Explaining Rookie Performance
Based on the scatterplot matrix, draft pick explains a fair amount of variability in first-year fantasy points. Teams shell out millions of dollars for rookie players, so it’s not surprising that points and pick number are inversely related, such that lower picks (1, 2, 3) score more fantasy points during their first season than higher picks. The other variable that exhibits a relationship with points is weight, which is moderated by position. Running Backs (RBs) appear to benefit more from having a few extra pounds relative to Wide Receivers (WRs). Being able to punch the ball in from the 1-yard line means more touchdowns. Having a more robust build might translate into fewer injuries and missed games. And being heavier would make an RB harder to tackle, which means more running yards. Having extra weight is less beneficial to a WR, as they rely on their speed and agility to create separation from defenders. Indeed, heavier players run slower 40-yard dash times, and I haven’t seen too many successful WRs in the NFL who were slow. This suggests that given the option between a lighter or heavier RB, go with the big guy.

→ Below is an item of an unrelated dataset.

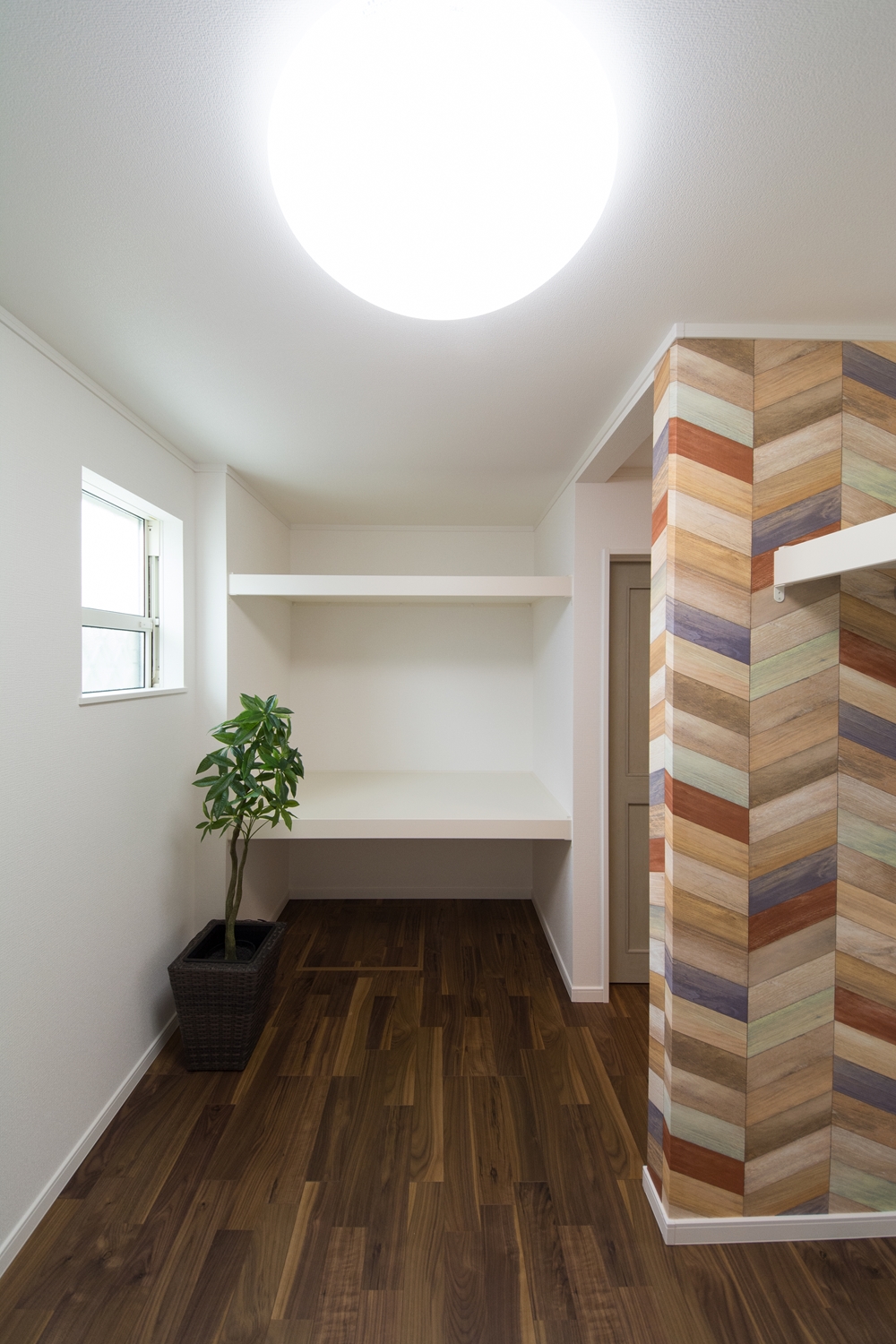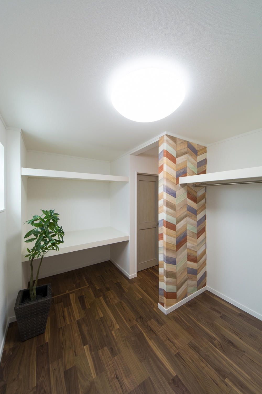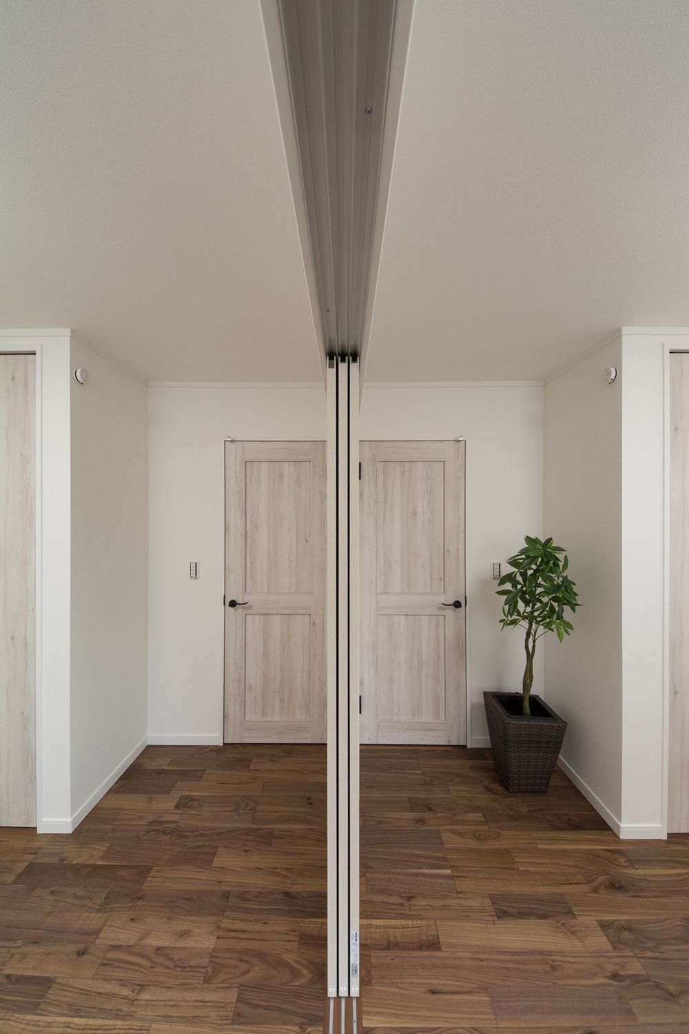 1階洋室/深い色味のフローリングと白いエイジング調の建具との組合せ。幅広くお部屋のコーディネイトを楽しめます。
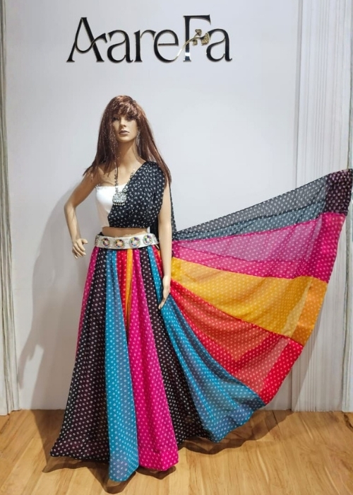 Crafted from lightweight chiffon, the lehenga features a beautiful mix of bold and soft colours arranged in striking panels, enhanced with delicate dotted detailing. The airy fabric ensures effortless drape and comfort, making it perfect for twirls, festive celebrations, and statement occasions.

Teams do seem to factor the weight of an RB into their draft strategy, as heavier RBs are drafted earlier on. But the question is whether weight is still significant after controlling for draft pick number and accounting for position (WR vs. RB). I’ll apply my two favorite modeling approaches when interpretation is paramount: Linear Model (LM) and General Additive Model (GAM). Pick number is present in both models. The LM features an interaction term to capture the disparate relationship between weight and position. The GAM model has a smoother for both weight and pick-number, and position is included as a dummy variable. For those unfamiliar with GAM, it’s a fantastic approach for modeling non-linear relationships while maintaining a highly interpretable model. The one drawback is that it is Additive and thus doesn’t account for interactions (of course you can add interactions terms into the model, but then it’s no longer a GAM). We’ll use LOOCV (leave-one-out-cross-validation) to determine which method of describing the data generating process is most generalizable.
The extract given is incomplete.